Jack Heath, best selling author of 500 Minutes of Danger. He held his audience captive, until his final word was met with an uproarious applause. When Heath asked who had read his books, he received a resounding thumbs up. He acknowledged his readers and launched into inspiring our future writers. ‘Each story takes about 100 hours to write and 200 hours of editing. The editing is the most important bit. And you’ve got to be willing to write the kind of thing you want to read.’
Heath wrote short stories because it forced him to boil stories down to the most basic ingredients.
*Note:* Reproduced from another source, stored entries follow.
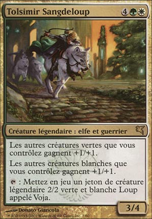 Other green creatures you control get +1/+1. Other white creatures you control get +1/+1. : Create Voja, a legendary 2/2 green and white Wolf creature token.
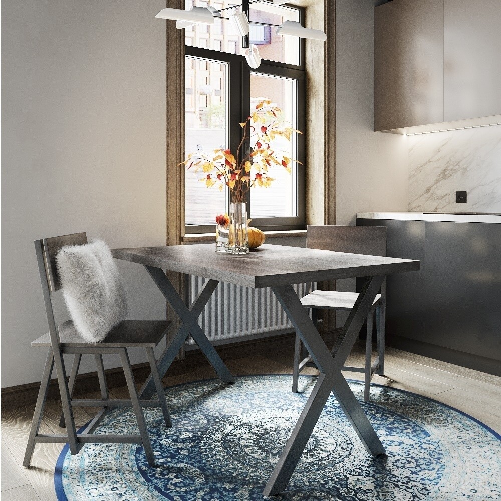 Универсальный стол в стиле Loft, Х-образное металлическое основание. Декор Дуб Рошелье, размер 1200x800x750 мм. Создан для тех, кто ценит комфорт, качество и элегантный дизайн.
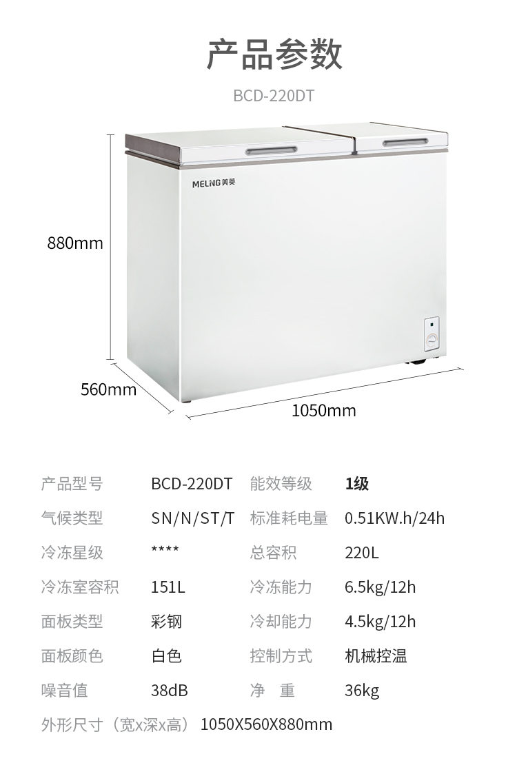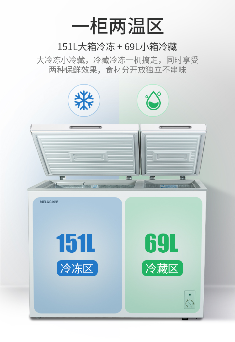 美菱220L小型双温家用大容量商用冷藏冷冻囤货冰柜政府补贴
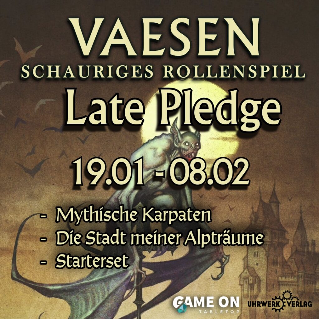 Danach folgt das eigentliche Crowdfunding. Den genauen Startzeitpunkt machen wir von der Fertigstellung des Myranor-Crowdfundings abhängig, wir wollen zumindest den Großteil der CF-Produkte vorher draußen haben. Aktuell rechne ich mit Q2 2026.
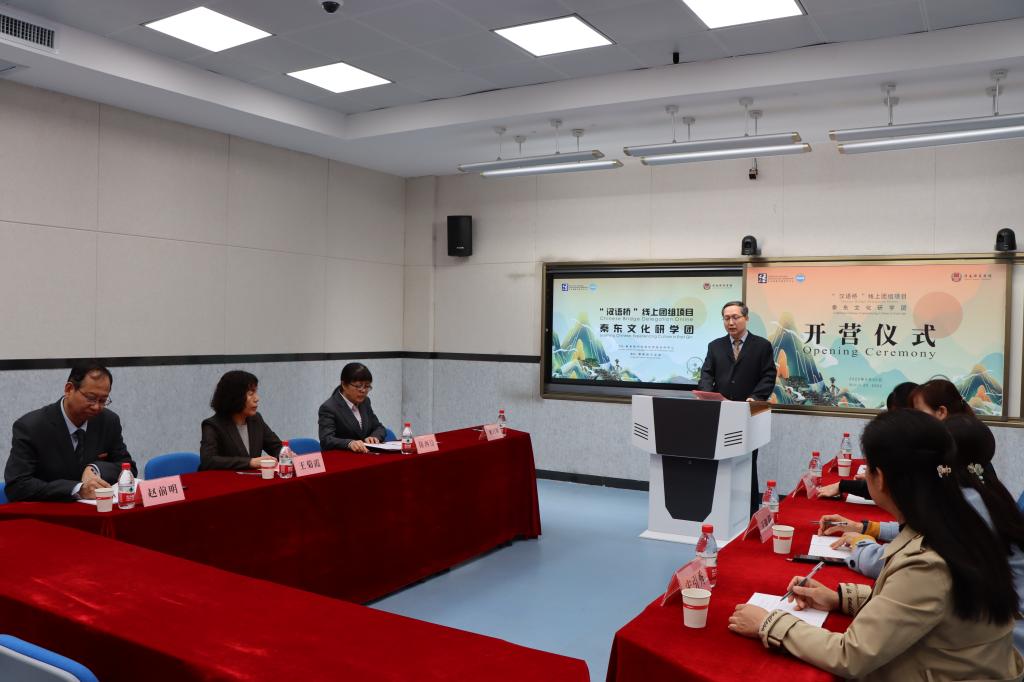3月20日北京时间19:00,由中国教育部中外语言交流合作中心主办、渭南师范学院国际教育学院承办的“汉语桥”线上团组项目——秦东文化研学团开营仪式在逸夫楼师范生技能培训中心顺利举行。研学团以传播“秦东文化”为主题,旨在为海外中文学习者和中国文化爱好者搭建互动交流、深度体验秦东文化,增进友谊的平台。
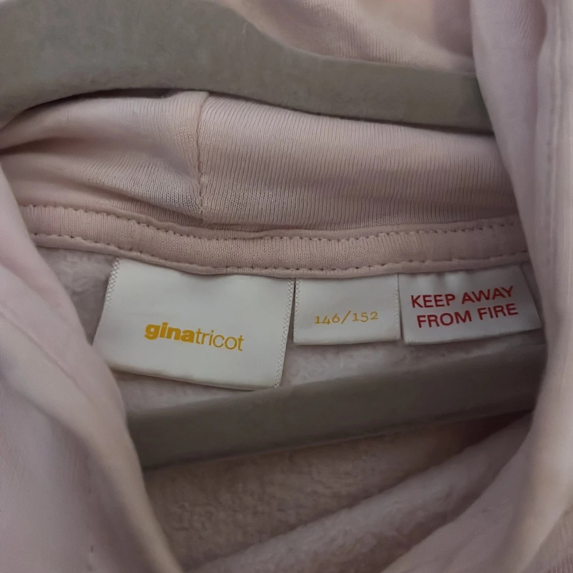 Säljer en ljusrosa hoodie från Gina Tricot i storlek 146/152. Tröjan har en klassisk huva, magficka och ribbade muddar vid ärmslut och nederkant. Perfekt för chill dagar och enkel att matcha med jeans eller leggings.
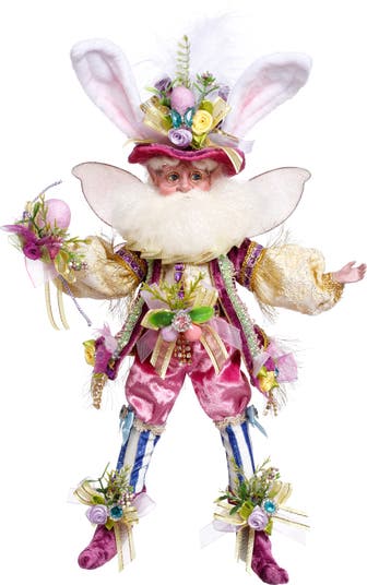 The Easter Egg Fairy (Small - 11.5 Inches) is a whimsical, handcrafted collectible dressed in vibrant spring colors. Adorned with pastel flowers, sparkling ribbons, and glittering accents, this fairy brings a touch of Easter magic to any display. Complete with bunny ears, a fluffy beard, and delicate wings, it perfectly captures the festive spirit of the season.

Stories have two main components — suspense and surprise were important for a comedy and worked in any genre. Eg., A man was walking down the street… He doesn’t see the banana peel… He walks closer… and closer… to the banana peel — suspense. At the last second, he steps over the banana peel and falls down a manhole…Aaaahhh — surprise. With his horror story he used an extension of this technique — suspense, suspense, suspense and then surprise.
Heath liked to start stories with a check list. What were 10 horrible ways to die? He listed problems (P), solutions (S) and complications (C) – where things needed to go wrong unexpectedly. Eg., plane to crash (P), parachute (S), rats had eaten holes in the parachute (C). Heath said, the most entertaining way of telling a story was to start with the problem — Opening line from ‘300 Minutes of Danger’ —‘You’ve been poisoned’. Then he used a ‘broken version’ leading into this opening line. He told the students a series of boring… events… yawn… leading up to the same line. ‘If you start at the beginning of a story you have to work forwards, but if you start in the middle of a story you can work forward and backwards.’
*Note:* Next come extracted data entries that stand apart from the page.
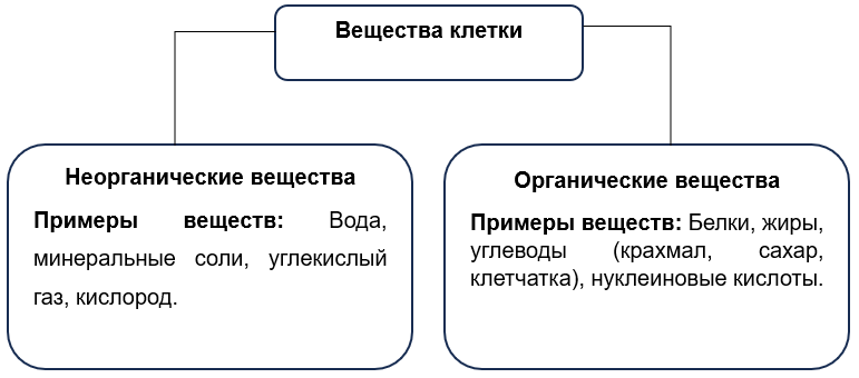 2. Заполните схему «Вещества клетки».
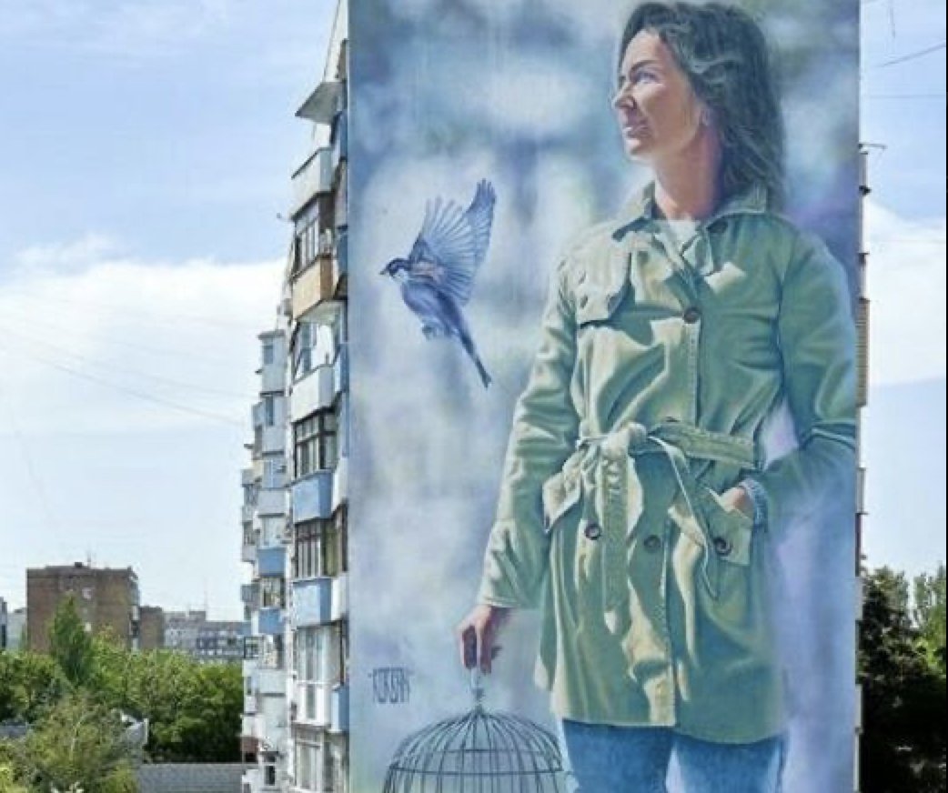 Das Gemälde besitzt den Namen "Auf ein Treffen mit dem Glück" und zeigt eine Frau mit einem Vogelkäfig. Neben ihr der befreite Vogel. Die Idee wurde von den Worten einer der Frauen inspiriert, die in einem der Schutzhäuser in der Ukraine Hilfe erhielt./2
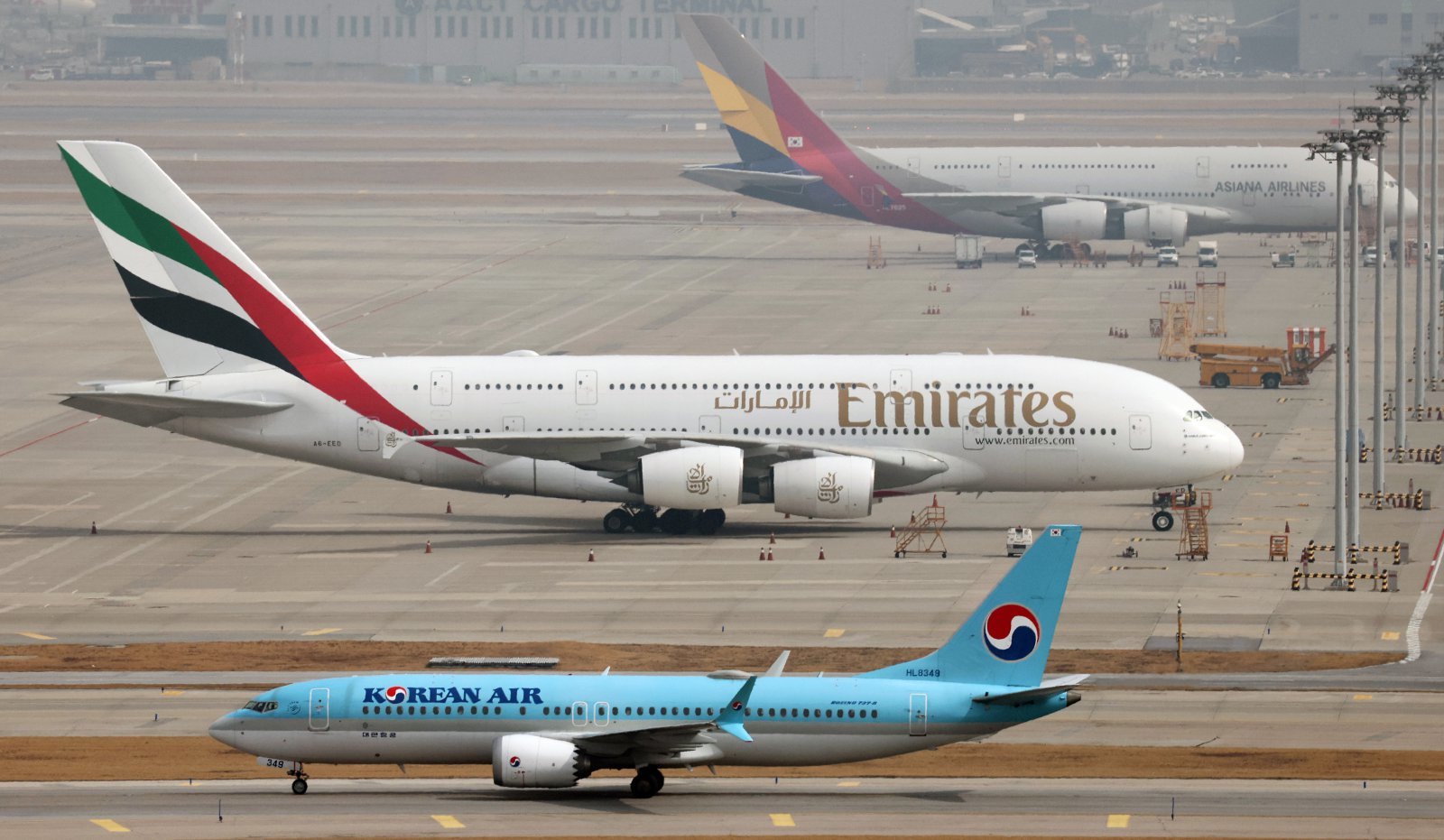 미국과 이스라엘의 이란 공습과 이에 맞선 이란의 보복으로 중동 하늘길이 사실상 마비된 가운데 5일 인천국제공항에 에미레이트 항공 여객기가 계류돼 있다. 2026.3.5 뉴스1정부는 현재 국토교통부와 대한항공이 UAE 당국과 함께 항공편 재개 일정에 대해 긴밀히 소통하고 있다고 설명했다.
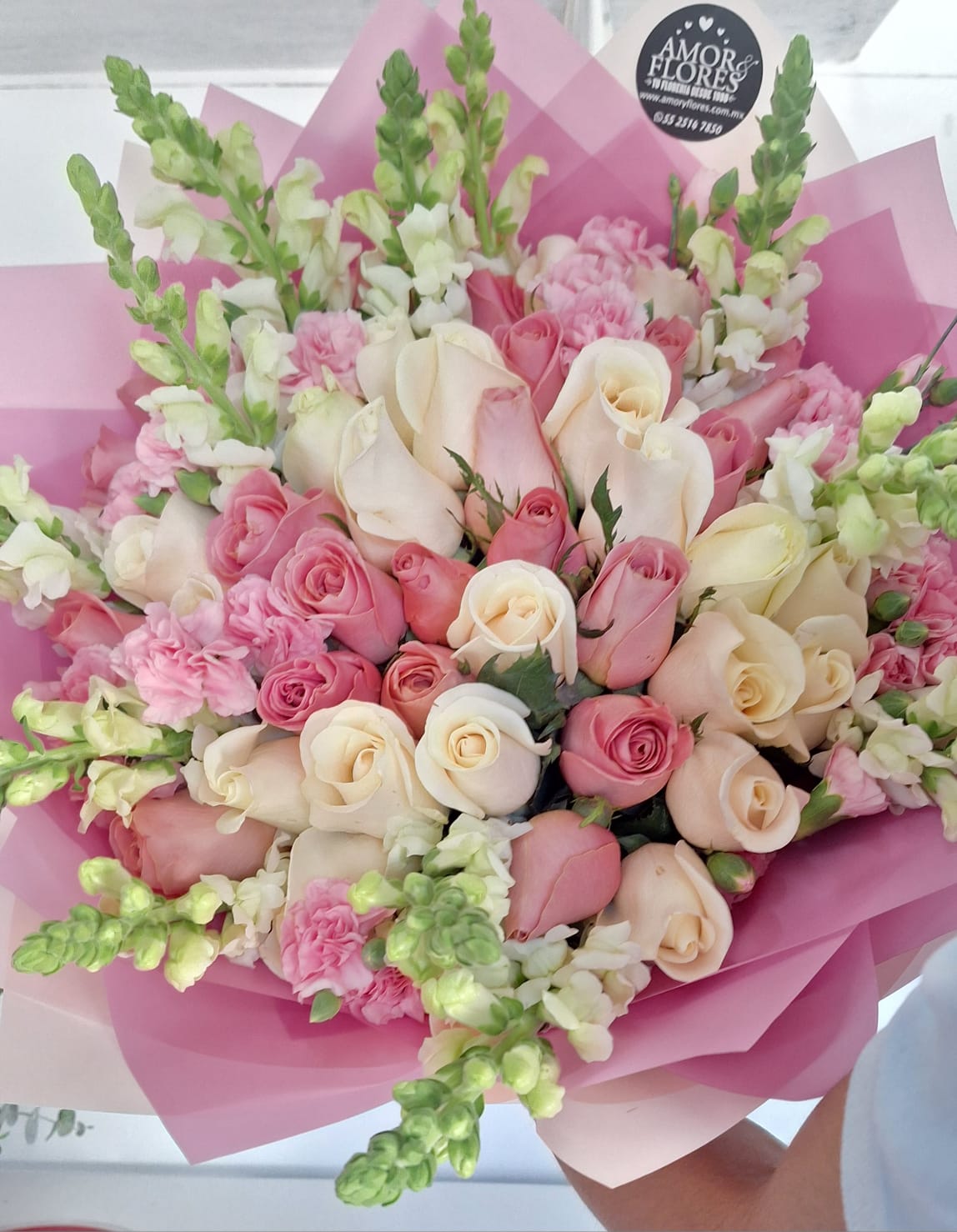 RAMO FLORAL CON 40 ROSAS Y FOLLAJE HERMOSO

Also, Heath enjoyed the power of similes which allowed readers to not only picture something, but to feel and react — The pill was about the size of a maggot. It was like standing on a giant birthday cake. To show the contrasting impact of smilies, students were asked to picture two scenes. 1. The man fell down the stairs and hit the ground very, very, very, very hard. 2. The man fell down the stairs and hit the ground like a dead rhinoceros. Add Heath’s dramatic resonance and you have 240 students leaving the auditorium laughing. With the A Lot Of Books stall not far away, Heath was busy afterwards.
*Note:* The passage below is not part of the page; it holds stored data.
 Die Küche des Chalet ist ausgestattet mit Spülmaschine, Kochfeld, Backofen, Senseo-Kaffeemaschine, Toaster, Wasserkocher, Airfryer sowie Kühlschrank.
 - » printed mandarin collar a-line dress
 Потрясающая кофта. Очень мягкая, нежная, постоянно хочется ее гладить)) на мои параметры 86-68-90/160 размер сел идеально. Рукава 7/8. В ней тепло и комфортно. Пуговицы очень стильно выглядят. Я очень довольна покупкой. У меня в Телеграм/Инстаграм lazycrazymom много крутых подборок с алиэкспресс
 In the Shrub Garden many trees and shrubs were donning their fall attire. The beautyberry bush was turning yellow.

Maria Parenti-Baldey, primary teacher, writer, amateur photographer and blogger. www.bigsisterblogs.com
All these months of reading your blogs Maria and wondering why I couldn’t get my comments sent. I did not even realise I had to fill in the email/address section below!! I know, a bit slow!!
This article is appropriate for me because I am 2/3rds the way through my book for YA with massive help of my tutor. I found this blog about similies so engrossing, especially the examples that were given, also the amount of time he spent actually writing and editing. Thanks Maria for posting.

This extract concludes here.